Il sindaco uscente ottiene un notevole risultato personale. Pd primo partito, Lega seconda

PERUGIA – Lo spoglio era ancora a metà quando Giuliano Giubilei, candidato civico del centrosinistra, ha chiamato Andrea Romizi per congratularsi per la riconferma a sindaco del capoluogo umbro.

Romizi (Forza Italia, sostenuto da liste civiche più Lega e Fratelli d’Italia) infatti dall’inizio dello spoglio veleggia sul 60 per cento delle preferenze. Un dato significativo e interessante anche se si considera che, con i dati di 91 sezioni scrutinate su 159, il primo partito risulta essere il Pd, con il 17,47% di voti. Seguito dalla Lega (15,19%) e Fratelli d’Italia (12,73%).
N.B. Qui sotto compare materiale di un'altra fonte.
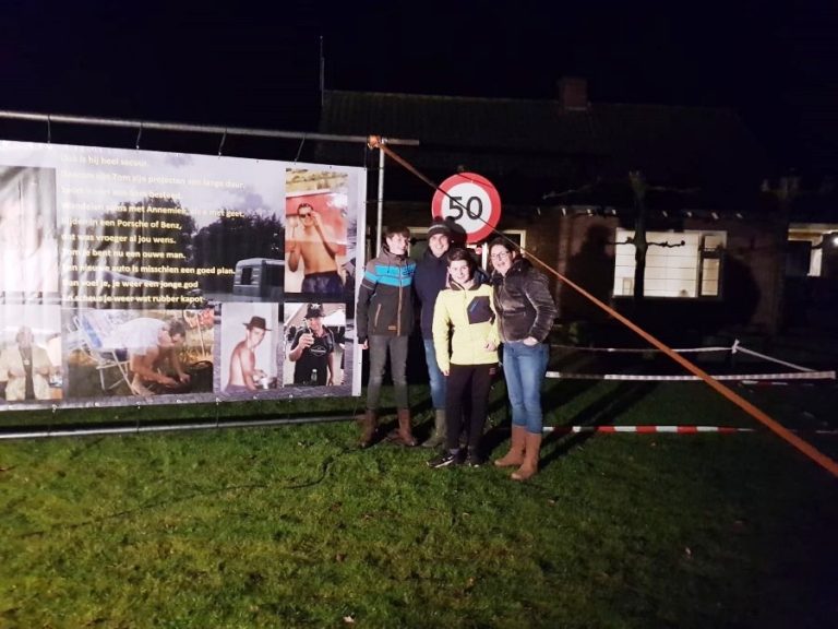 Tom Zwienenberg, bekend van de lach en MHZ heeft Abraham gezien! Een van de vrienden deed een uitspraak in de trant van: ’Er moest trouwens een extra groot doek zijn anders paste alle tekst er niet op!”

Lontano dall’ipotesi ballottaggio, quindi, Giuliano Giubilei, con il 26,29 per cento delle preferenze, che è andato a palazzo dei Priori per dare la mano al sindaco Romizi. Terza, con un notevole distacco, Francesca Tizi del Movimento 5 stelle, ferma al 6 per cento e spicci.
Gli altri sette candidati restano nella palude che va dallo 0,26 di Iacobelli (Partito della famiglia) e l’1,7 di Katia Bellillo (Perugia città in comune). Deludente il risultato di Cristina Rosetti, che non supera l’1,3 delle preferenze.